Addiction to opiates has reached epidemic proportions in Maine. This crisis extends beyond the suffering experienced by individuals, into the heart of our communities. It demands a comprehensive approach that increases access to and integrates mental, behavioral, physical, and social health.

As parents, we know this crisis first-hand.

Our son is 23 and in recovery from addiction to heroin. He developed this addiction over time, starting in late high school through the use of marijuana and alcohol. He struggled with depression and anxiety and, like many with co-occurring conditions, progressed from what seemed to be occasional use, to self-medication, to addiction.

Many who do not know us or our son might say “another case of a bad kid,” or “this could never happen to us.”

But before you judge, understand that our son was a regular kid: he played three varsity sports, was an average student, volunteered in the community, and went on to college. We, too, thought this could never happen to us. But it did, and his addiction and related depression and anxiety contributed to his dropping out of college, losing jobs, and medical problems, including some which were life-threatening.

Thankfully, because of his desire to change, coupled with understanding and support from family and friends, he is working at recovery. Through all of this, we have taken the time to learn about the problems of addiction and mental illness so that we can not only better help our son, but also help others.

We have learned that addiction is a significant problem with lethal implications.
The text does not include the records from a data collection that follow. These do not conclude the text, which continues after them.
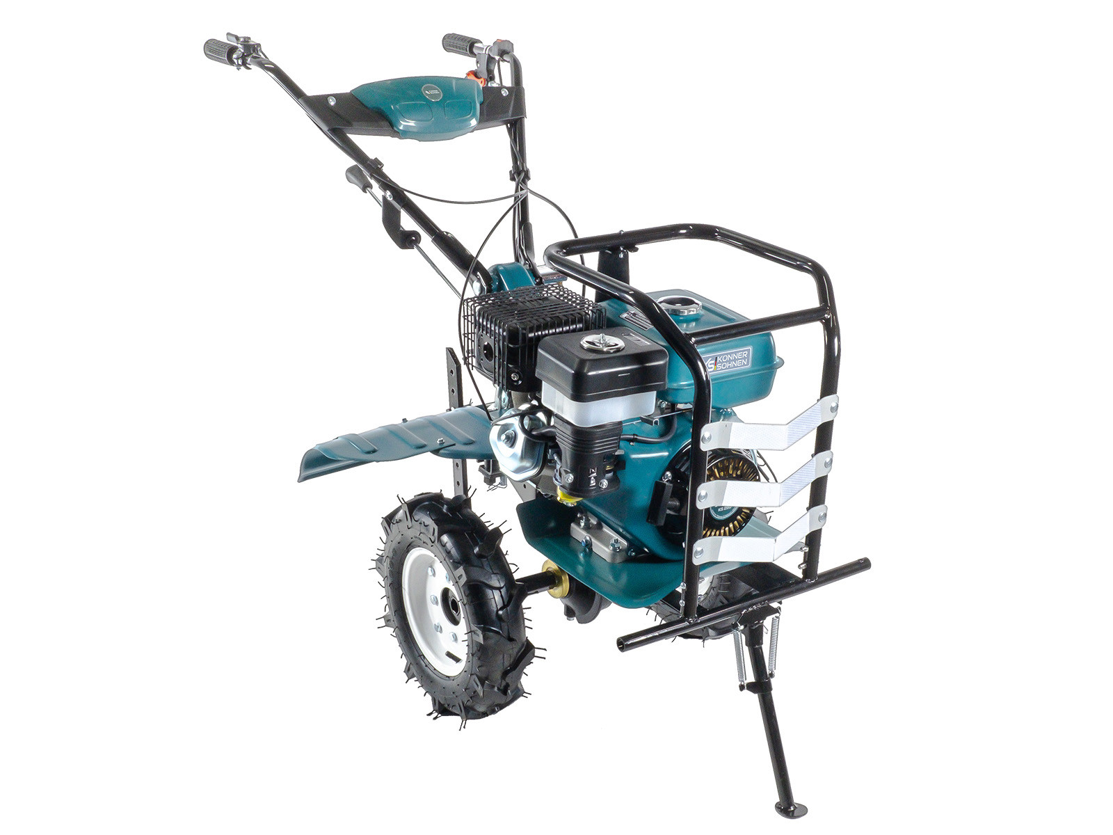 Il est également possible d’installer une remorque pour le transport de marchandises. La largeur de traitement de ce modèle atteint 108 cm! Les boites de vitesses à réducteur rendent les motoculteurs plus fiables, durables et prêts à supporter de lourdes charges. Les puissants moteurs Könner & Söhnen peuvent remplir des tâches de toute complexité et répondent à toutes les normes de qualité européennes, y compris les dernières normes d’émissions d’échappement EURO-V.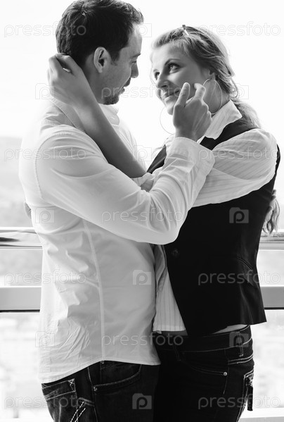 Романтическая молодая пара, черно-белое фото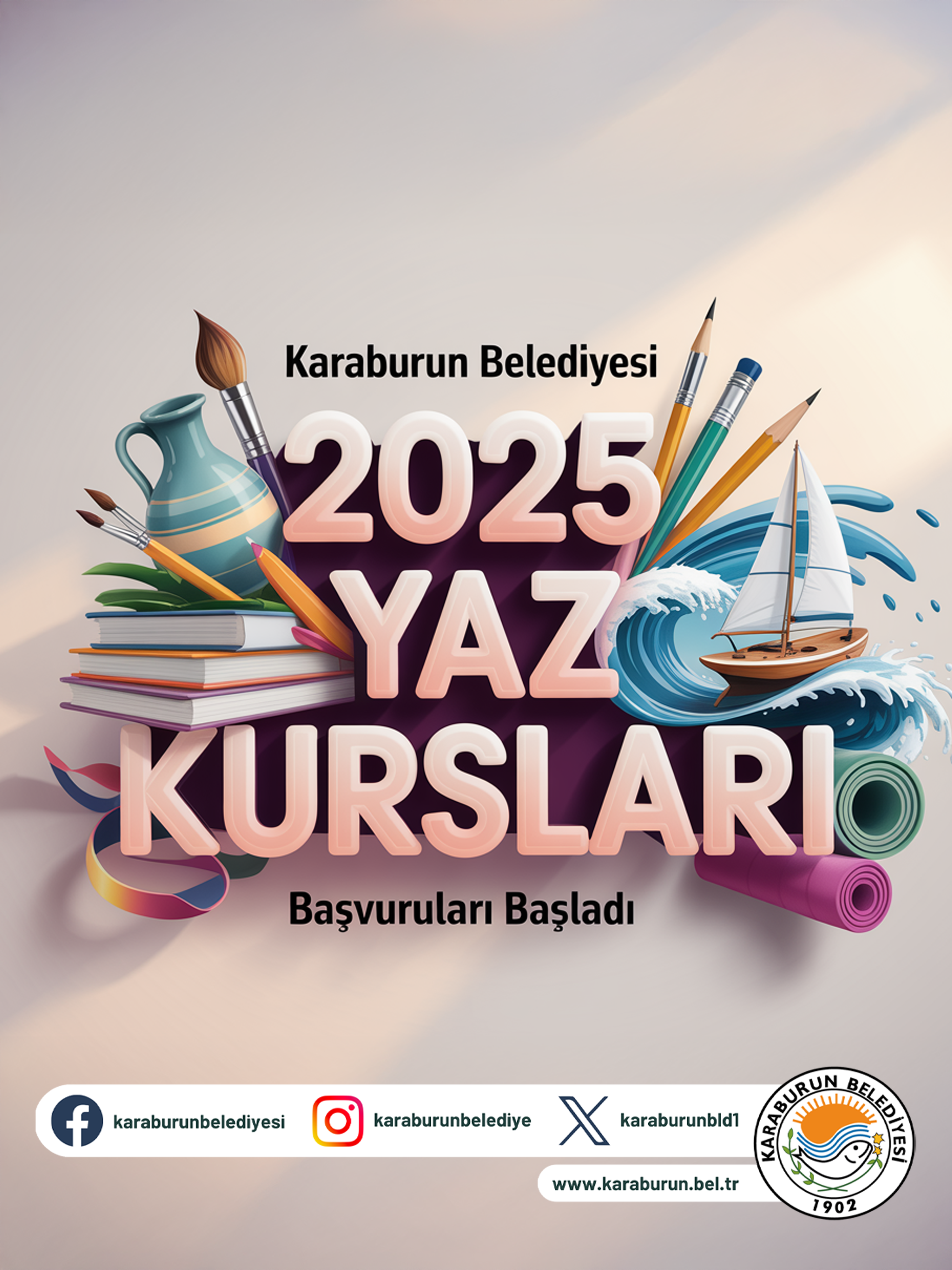 2025-06-18Karaburun Belediyesi tarafından düzenlenen yaz kursları için başvurular alınmaya başladı. Tüm yaş gruplarına yönelik eğitimlerimize hemen başvurun!
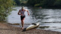 After a false start – where the whole field was brought back, saw the nervous field start and a group of three form with Favorites Steve King, Tom Stead and German Stefan Teichert who strung the field out with a one minute lead at the end of this river swim.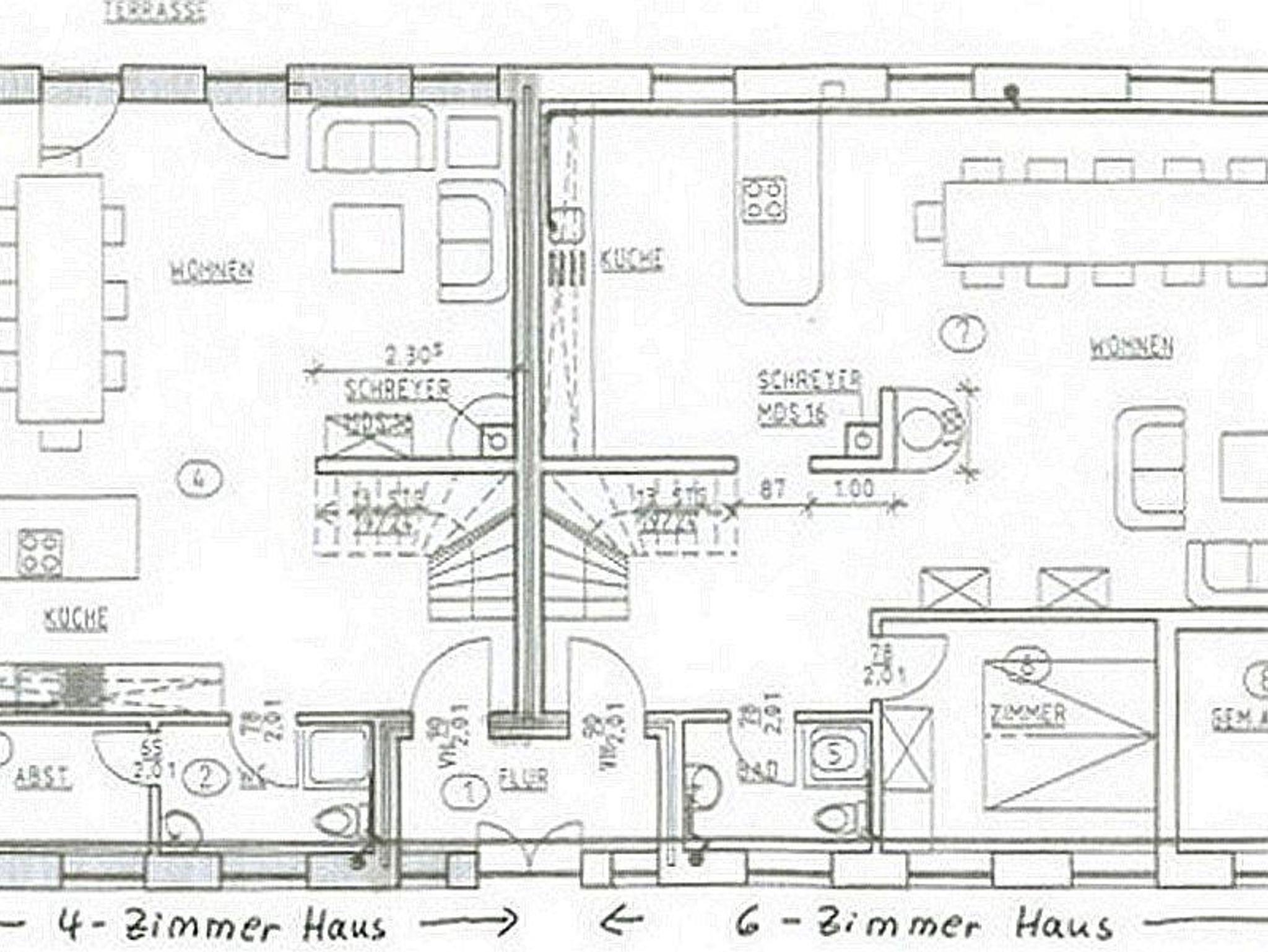 Beide Haushälften sind über einen gemeinsamen Flur verbunden, sodass Sie nur noch einmal kurz die antike Drehklingel drehen und Eintreten müssen.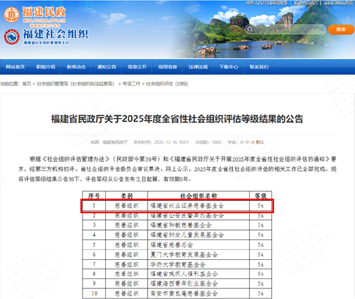 时间: 2025-12-1912月16日,福建省民政厅正式发布《关于2025年度全省性社会组织评估等级结果的公告》,兴业证券慈善基金会再次凭借高标准规范化建设和突出的公益成效蝉联“最高等级”5A级,位居全省111家参评社会组织的前列,同时在国内证券公司发起设立的慈善基金会中,继续保持唯一兼具5A级和FTI中基透明指数满分的双认证资质。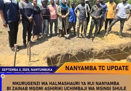 Mkurugenzi wa Halmashauri ya Mji Nanyamba, Bi. Zainabu Mgomi, ameshiriki zoezi la uchimbaji wa msingi kwa ajili ya ujenzi wa madarasa katika Shule ya Msingi Namtumbuka.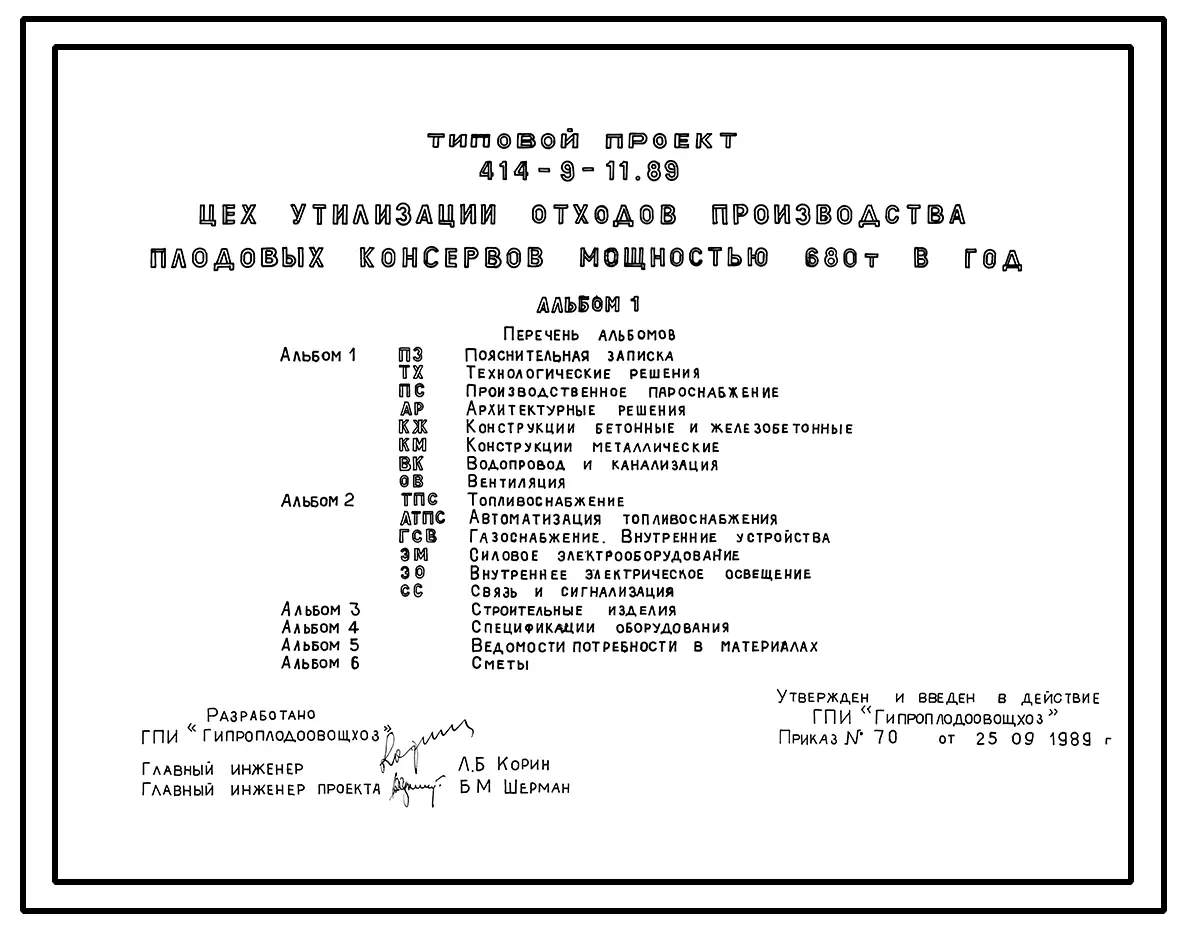 Типовой проект 414-9-11.89 Цех утилизации отходов производства плодоовых консервов мощностью 680 т в год

Our son not only lost opportunities for education and work, but also nearly died. He lost friends who had not been fortunate to sustain recovery and died from addiction. We have learned that addiction is complex, and demands comprehensive approaches.

Addiction and mental illness often are co-occurring and both are often accompanied by physical health issues. We have learned to respect that recovery is a long process and there are no quick fixes. We have learned that setbacks and relapses are common on the road to successful recovery.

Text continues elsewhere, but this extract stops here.